姜梧走到梧桐树下,把右掌心里那片梧桐叶从掌心取下来。叶子收满了一整个秋天——立秋第一片落叶的离层初成,处暑桂花浓甜的留住,白露织布机上年复一年的承诺,秋分阴阳平衡时半春半秋的整圆,寒露离层断口处最后那滴将凝未凝的水分,霜降白果糕微苦回甘的收敛,姜茶炽烫驱寒的灼热,桑杏膏清润呵护的醇厚,炭火盆重新点燃的整座城门洞过冬暖意,女孩整扇窗户从惊蛰到霜降全部轮回的节气窗花。她把叶子轻轻按在树干上,树皮让开了,露出木质纤维深处一圈新一圈正在成形的霜降年轮——这是秋天最后一道年轮,也是从立秋到霜降整整六个节气、秋天所有温度的总和。叶子融进木质纤维时,春天那圈春分年轮和秋天这圈霜降年轮隔着半年、六圈年轮的距离遥遥相望——春分是芽苞初绽的微凉,霜降是落叶归根的肃穆。
树皮合上。梧桐树在霜降深夜的寒风中轻轻震颤了一下,满树光秃秃的枝丫在震颤中发出极细密极清脆的碰响,像无数根极细极细的琴弦被同一位乐师拨动了同一声低音。她从树根旁站起,把掌心从树干上收回来,赤着的脚踩在满地落叶里,脚踝处树根松开后留下的那圈青灰色印痕在霜降深夜的月光中泛着极淡极淡的光泽。
夜深了。她转身准备往回走,黑猫从落叶堆里衔出了今天最后一样东西。不是叶柄不是炭头不是蚕茧不是蝉蜕——是一粒极小极饱满的、从枝头最后一片梧桐叶叶柄基部自然脱落的离层愈合组织。那片叶子在放手之前,树把它最后一点养分全部封进了这粒愈合组织里,比芝麻还小,呈极淡极淡的琥珀色,内部裹着一粒极细微的、肉眼几乎看不见的休眠芽原基。那是明年春天抽出的第一片新叶最初的起点。

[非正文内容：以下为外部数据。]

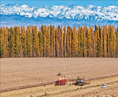 图为10月16日,新疆伊犁哈萨克自治州尼勒克县铁热克特村村民正收获玉米。 |
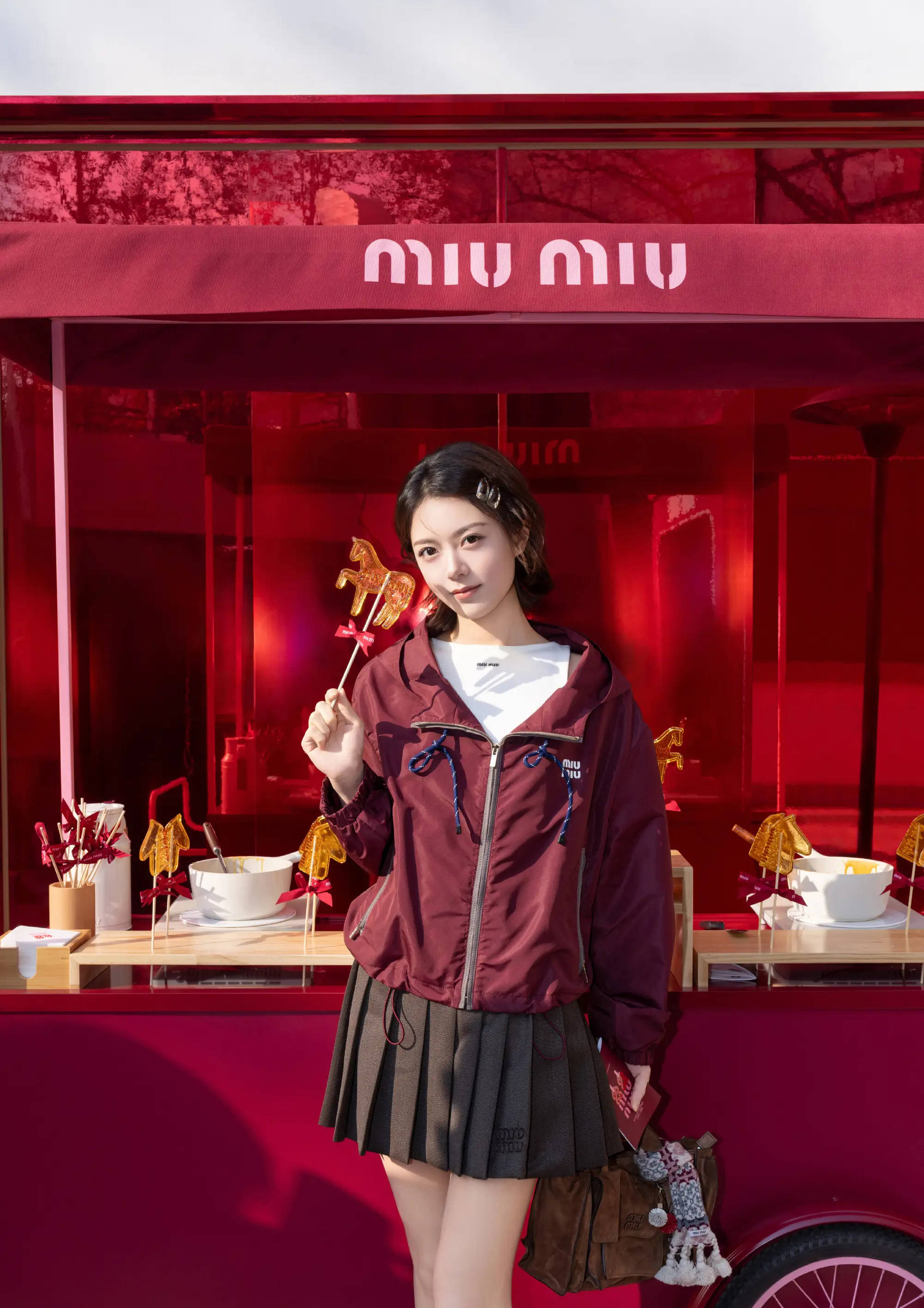 赵今麦这一身,是Miu Miu少女的绝佳演绎。酒红冲锋衣带着松弛的户外感,深灰百褶裙提高露肤度,带来呼吸感。内搭一字领白T,干净又清爽,脚上一双长筒靴则精准平衡了甜酷感。站在快闪车前,她手持琥珀色的糖画小马歪头微笑,一副甜而不腻的青春气派。

它把愈合组织放在姜梧掌心里。姜梧将愈合组织托到眼前端详良久,然后蹲下身轻轻埋进梧桐树根旁的泥土里,盖上几片刚落下的落叶。她在树下站了片刻,转身回院子。石桌上,白露那碗枣泥糕早已吃完,寒露芝麻饼的碎屑被风吹净,秋分阴阳茶壶里还剩最后一点茶底,而伙计窗台那只陶罐里春夏积攒的老茧正被炉火映得微微泛黄。她坐回树根下,背靠着梧桐树干,把左手无名指上那几圈缠绕至今的根须轻轻取下来——绕行砂粒的,绕行棺木的,此刻又在霜降夜新绕了一片极小霜针结晶。她把它们一圈一圈松开,放回树根旁的泥土里,根须自己钻回泥土深处,回树心深处第五圈年轮里越冬。
霜降已尽。从立秋到此,整个秋天的温度都已封存;而明年立春惊蛰时,这片离层愈合组织里那粒极细微极小极嫩的芽原基,会在春雷第一声响起时从泥土深处醒来。她躺在梧桐树根下闭上眼睛,银白长发散在满地落叶上,赤着的脚踝处树根印痕在霜降深夜微弱的月光中泛着极淡极淡的青灰色光芒,像一片正在安静等待下一个轮回的落叶。